Author: Erin James Wills - ejw.data@gmail.com


Photo by Mika Baumeister on Unsplash


Overview


Using Spark and Amazon RDS to clean and summarize amazon reviews to determine usefulness of product feedback.

This repository does the following:

  • Performs an ETL process and loads data to an AWS Postgres database. Detailed instructions are found in the amazon_ETL.ipynb notebook.
  • Shows how to query the database
  • Extracts data from the 30+ Amazon datasets make a table of all the data.
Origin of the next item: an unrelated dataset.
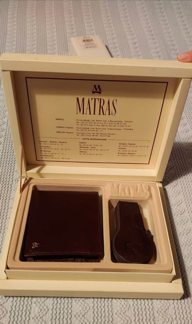 MATRAS markalı kahverengi erkek cüzdan seti, baskılı ve klasik tasarımlı cüzdan ile anahtarlık içerir. Kullanılmamış özel ambalajında

This process may take up to 4.5 hours.
  • Analyzes the vine reviewer difference compared to other reviewers.

Results

Looking only at the Health and Personal Product dataset, it appears that Vine reviewer star ratings are no different than other members. The only significant difference is the effect of splitting the data based on the product purchase verfication status. This is a small sample size so this result is not being considered significant.


Future Work

More analysis will be performed within the amazon_advance_anlaysis.ipynb. Instead of looking at the macro scale results; I am curious if I can find several groupings of data that may make up similar reviewers or determine if I can standardize the data such that one users ratings are standardized to be more like other members rankings.


Technologies

  • Google Colaboratory
  • pySpark
  • Amazon RDS

Methods

  • indendent t-test
  • Wilcoxon Rank test
  • Histograms

Data Source

All datasets can be found at https://s3.amazonaws.com/amazon-reviews-pds/tsv/index.txt


ETL Setup and Installation

  1. Clone the repo to your local machine
  2. Load amazon_ETL to Google Colaboratory
  3. Login to Amazon Console and create an AWS RDS PostgreSQL.
    • Make the database public
    • Name the database amazon_rds
    • Record the db endpoint, username and password.
  4. Make sure the database is running and if not, start the database.
  5. Add the recorded information to config.py
  6. Open pgAdman and create a server connection. Use the recorded information to create the database connection.
  7. Open a query tool and run the schema.sql file to create the database tables.
  8. Verify that the tables were created in pgAdmin.
  9. Run the notebook amazon_ETL in Google Colab. Select the config.py file when prompted to load a file.
  10. No other changes are probably needed and should take less than 30 minutes to run.

Analysis

  1. In the cloned repo is also several files used to analyze the data.
  2. The amazon_vine_users is a notebook that extracts review data from all the amazon datasets. This notebook includes information about the total reviews, the number of vine reviews, and the vine reviewers.
  3. The amazon_query notebook shows how to connect to the database and perform queries.
  4. The amazon_vine_program_analysis does a simple analysis of whether vine members review content different than non-vine members.
  5. Additional analysis is being performed in the amazon_advance_analysis notebook. This is ongoing work where I look at specific reviewer behavior.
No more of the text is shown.